William Ellery Leonard Jan 29, 1876 - May 2, 1944
English Professor & Poet
His first wife Charlotte Freeman, the daughter of his landlord, committed suicide
The former Leonard House on Adams steet in Madison
Leonard suffered from agoraphobia, caused by being scared by a locomotive as a child. This condition once kept him confined
to the area of his home and campus but then increased to the point that in the last years of his life he conducted all
lectures from his home. In his psychological autobiography, The Locomotive God, he probed his agoraphobia
Leonard was "among the very few most distinguished American poets." He spoke Icelandic, Norwegian, German, French and Swedish, and was an
expert on Greek and Roman literature. He received his Ph.D. from Columbia and came to the UW in 1906. He authored two plays dealing with
Wisconsin history - Glory of the Morning, and Red Bird. His poetry included Two Lives, the story of the Freeman family, recognized as one
of the outstanding sonnet sequences of the twentieth century.

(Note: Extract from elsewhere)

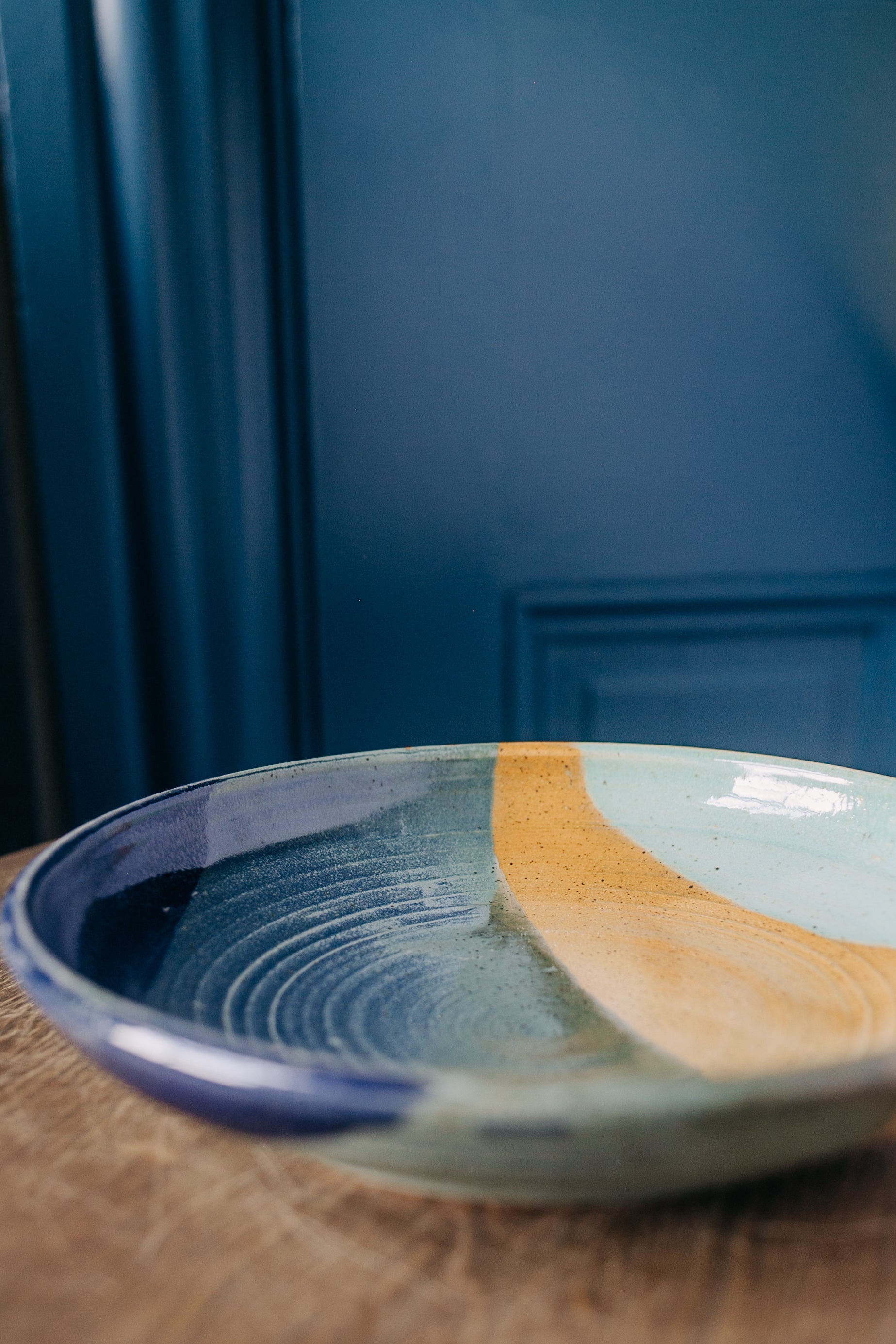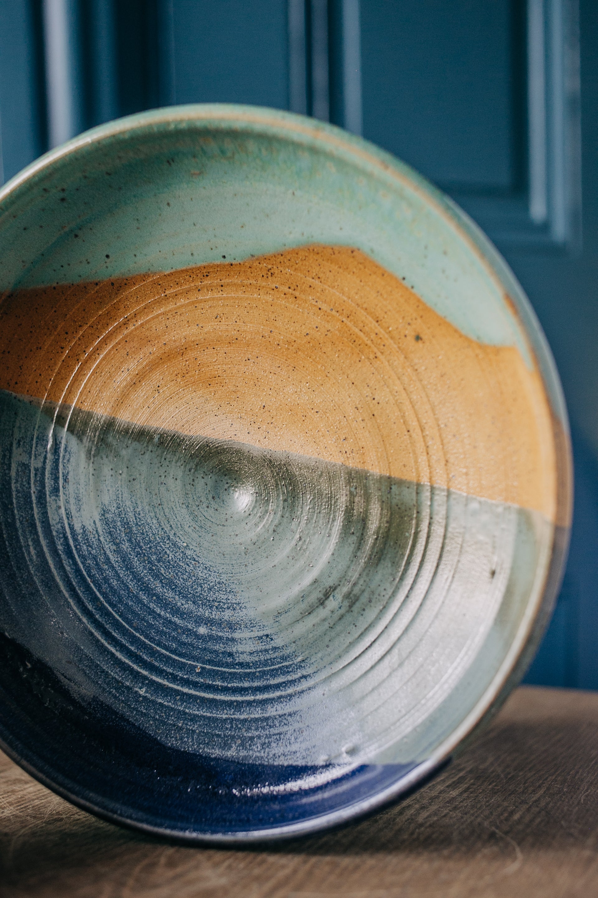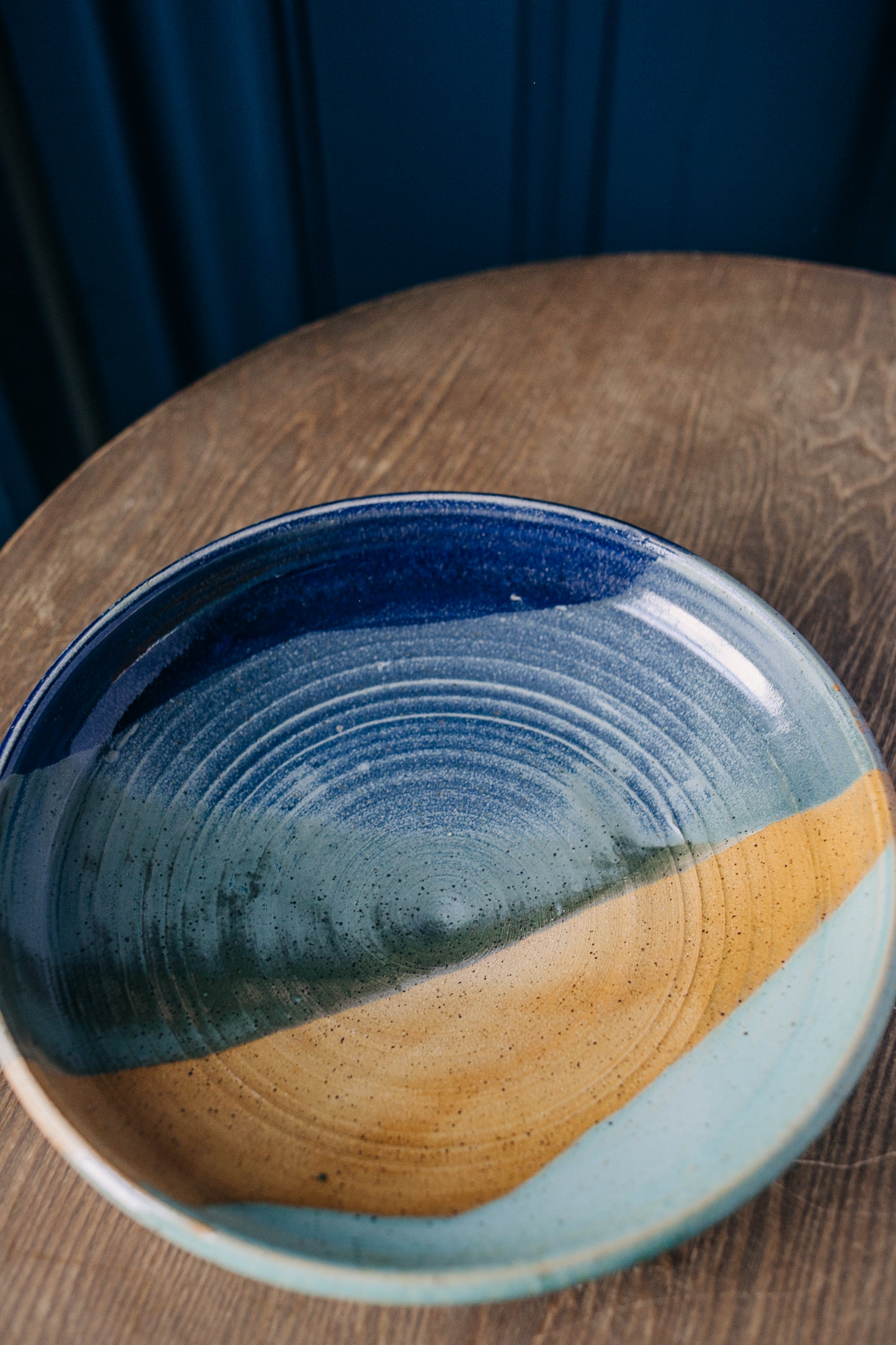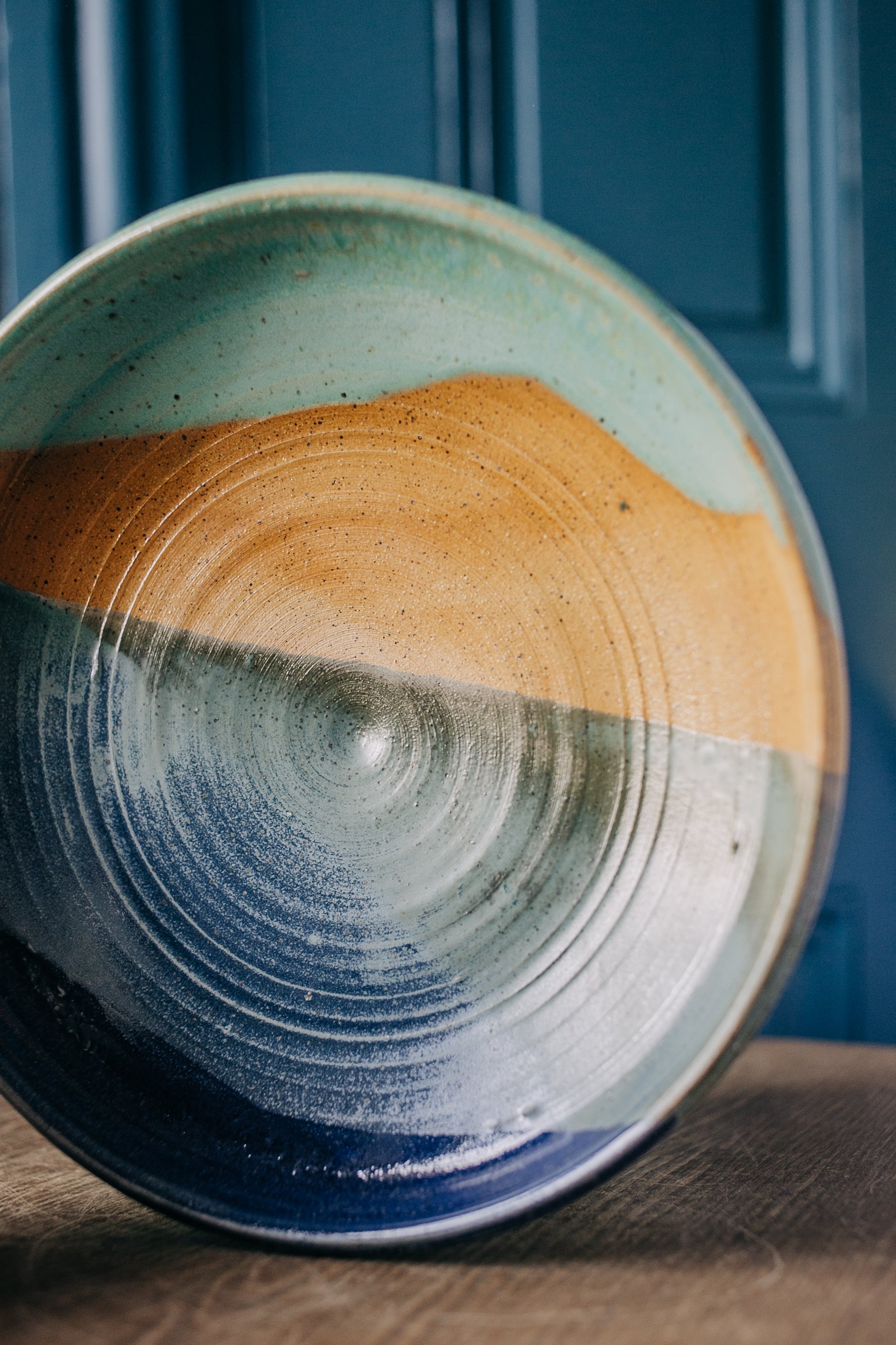 I wasn't going to sell this one because I just love how the glazing turned out. It's also one of the few "plate-like" things that I've created. Alas, here he is in all his glory - solid, handsome and reminiscent of a beachfront vacation. 9" in diameter x 2" high

When young he was scalded by steam from a train; the incident caused him great insecurity. He "snapped" one day after hearing the whistle
of a locomotive while investigating effigy mounds with his friend Charles E. Brown; thereafter, he rarely journeyed farther from his house
than a six-block area bounded by Langdon and Park streets. He probed this phobia in a remarkable book called The Locomotive God, used by
some universities as a psychology textbook.
Leonard was married to Charlotte Charlton from 1914 to 1934. They remarried in 1940. In between, from 1935 to 1937, he was married to Grace Golden.